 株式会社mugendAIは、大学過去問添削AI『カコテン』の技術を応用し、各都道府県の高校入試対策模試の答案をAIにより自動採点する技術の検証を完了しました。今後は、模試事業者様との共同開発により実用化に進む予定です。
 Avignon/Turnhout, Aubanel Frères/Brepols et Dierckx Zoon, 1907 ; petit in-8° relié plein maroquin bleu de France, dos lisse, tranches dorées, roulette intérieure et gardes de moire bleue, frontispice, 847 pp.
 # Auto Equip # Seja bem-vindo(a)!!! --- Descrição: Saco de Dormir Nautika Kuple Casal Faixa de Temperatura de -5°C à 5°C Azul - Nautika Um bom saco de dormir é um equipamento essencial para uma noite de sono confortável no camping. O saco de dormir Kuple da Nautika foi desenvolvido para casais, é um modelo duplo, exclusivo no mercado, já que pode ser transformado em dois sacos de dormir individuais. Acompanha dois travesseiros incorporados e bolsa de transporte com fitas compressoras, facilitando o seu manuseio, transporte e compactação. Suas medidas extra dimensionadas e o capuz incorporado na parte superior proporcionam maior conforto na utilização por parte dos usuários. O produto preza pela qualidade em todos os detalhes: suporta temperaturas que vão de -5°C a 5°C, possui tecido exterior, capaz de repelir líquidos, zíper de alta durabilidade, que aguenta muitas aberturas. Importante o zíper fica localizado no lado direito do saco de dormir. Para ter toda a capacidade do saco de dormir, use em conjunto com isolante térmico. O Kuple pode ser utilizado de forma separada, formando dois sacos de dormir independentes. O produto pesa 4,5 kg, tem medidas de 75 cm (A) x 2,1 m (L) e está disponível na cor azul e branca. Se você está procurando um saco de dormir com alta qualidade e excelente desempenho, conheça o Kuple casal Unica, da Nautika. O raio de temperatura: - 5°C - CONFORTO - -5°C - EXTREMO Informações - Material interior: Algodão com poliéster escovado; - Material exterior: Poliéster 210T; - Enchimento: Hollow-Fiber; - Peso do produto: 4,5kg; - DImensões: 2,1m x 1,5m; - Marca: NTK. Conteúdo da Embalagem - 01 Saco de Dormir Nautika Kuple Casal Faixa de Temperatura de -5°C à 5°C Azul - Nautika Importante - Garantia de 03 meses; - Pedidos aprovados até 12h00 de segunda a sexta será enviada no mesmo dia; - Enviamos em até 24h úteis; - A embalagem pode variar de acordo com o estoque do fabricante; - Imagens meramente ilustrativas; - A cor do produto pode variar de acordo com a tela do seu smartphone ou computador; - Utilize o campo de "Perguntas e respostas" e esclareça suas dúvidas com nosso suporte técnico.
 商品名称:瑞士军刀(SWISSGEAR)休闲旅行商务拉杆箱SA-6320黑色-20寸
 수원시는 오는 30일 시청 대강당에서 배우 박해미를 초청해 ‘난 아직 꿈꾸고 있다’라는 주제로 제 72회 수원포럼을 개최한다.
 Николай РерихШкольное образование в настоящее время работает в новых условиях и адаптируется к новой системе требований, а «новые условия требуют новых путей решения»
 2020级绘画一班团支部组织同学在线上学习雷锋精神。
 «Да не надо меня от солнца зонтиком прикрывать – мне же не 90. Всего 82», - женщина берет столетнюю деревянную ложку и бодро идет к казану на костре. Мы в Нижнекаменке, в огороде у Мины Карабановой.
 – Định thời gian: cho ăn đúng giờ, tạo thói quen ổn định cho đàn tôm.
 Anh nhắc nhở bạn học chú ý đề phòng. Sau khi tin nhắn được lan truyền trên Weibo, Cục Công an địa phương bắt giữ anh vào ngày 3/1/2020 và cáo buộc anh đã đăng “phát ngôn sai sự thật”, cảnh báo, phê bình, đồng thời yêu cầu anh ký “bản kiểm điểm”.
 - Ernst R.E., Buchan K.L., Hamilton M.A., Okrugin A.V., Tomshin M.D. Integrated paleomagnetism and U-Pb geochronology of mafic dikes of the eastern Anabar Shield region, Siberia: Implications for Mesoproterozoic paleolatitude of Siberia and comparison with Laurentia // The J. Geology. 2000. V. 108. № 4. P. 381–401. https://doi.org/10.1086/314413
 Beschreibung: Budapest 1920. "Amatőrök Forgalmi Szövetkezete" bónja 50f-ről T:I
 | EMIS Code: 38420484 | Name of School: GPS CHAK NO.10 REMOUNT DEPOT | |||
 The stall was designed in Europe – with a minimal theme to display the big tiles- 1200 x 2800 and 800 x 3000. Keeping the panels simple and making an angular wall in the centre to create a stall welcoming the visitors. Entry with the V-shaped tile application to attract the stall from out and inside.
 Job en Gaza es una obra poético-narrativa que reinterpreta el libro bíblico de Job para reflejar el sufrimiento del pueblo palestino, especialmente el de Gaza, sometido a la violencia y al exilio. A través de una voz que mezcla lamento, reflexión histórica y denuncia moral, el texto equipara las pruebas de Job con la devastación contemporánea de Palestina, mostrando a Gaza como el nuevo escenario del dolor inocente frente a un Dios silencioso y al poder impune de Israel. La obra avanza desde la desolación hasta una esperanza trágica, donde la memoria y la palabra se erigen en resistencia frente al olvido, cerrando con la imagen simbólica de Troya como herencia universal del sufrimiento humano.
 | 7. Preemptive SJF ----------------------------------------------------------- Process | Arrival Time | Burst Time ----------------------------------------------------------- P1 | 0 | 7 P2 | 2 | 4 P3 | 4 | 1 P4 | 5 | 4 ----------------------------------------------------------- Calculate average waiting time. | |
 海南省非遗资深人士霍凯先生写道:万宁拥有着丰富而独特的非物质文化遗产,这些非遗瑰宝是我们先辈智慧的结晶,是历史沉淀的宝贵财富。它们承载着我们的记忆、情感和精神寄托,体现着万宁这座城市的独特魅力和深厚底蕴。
****************
* Exercise aim: Copy out the range of lines above starting at the line with "- Ernst R.E., Buchan" and ending at the line with "The stall was", exactly and including both.

* Exercise solution:
 - Ernst R.E., Buchan K.L., Hamilton M.A., Okrugin A.V., Tomshin M.D. Integrated paleomagnetism and U-Pb geochronology of mafic dikes of the eastern Anabar Shield region, Siberia: Implications for Mesoproterozoic paleolatitude of Siberia and comparison with Laurentia // The J. Geology. 2000. V. 108. № 4. P. 381–401. https://doi.org/10.1086/314413
 Beschreibung: Budapest 1920. "Amatőrök Forgalmi Szövetkezete" bónja 50f-ről T:I
 | EMIS Code: 38420484 | Name of School: GPS CHAK NO.10 REMOUNT DEPOT | |||
 The stall was designed in Europe – with a minimal theme to display the big tiles- 1200 x 2800 and 800 x 3000. Keeping the panels simple and making an angular wall in the centre to create a stall welcoming the visitors. Entry with the V-shaped tile application to attract the stall from out and inside.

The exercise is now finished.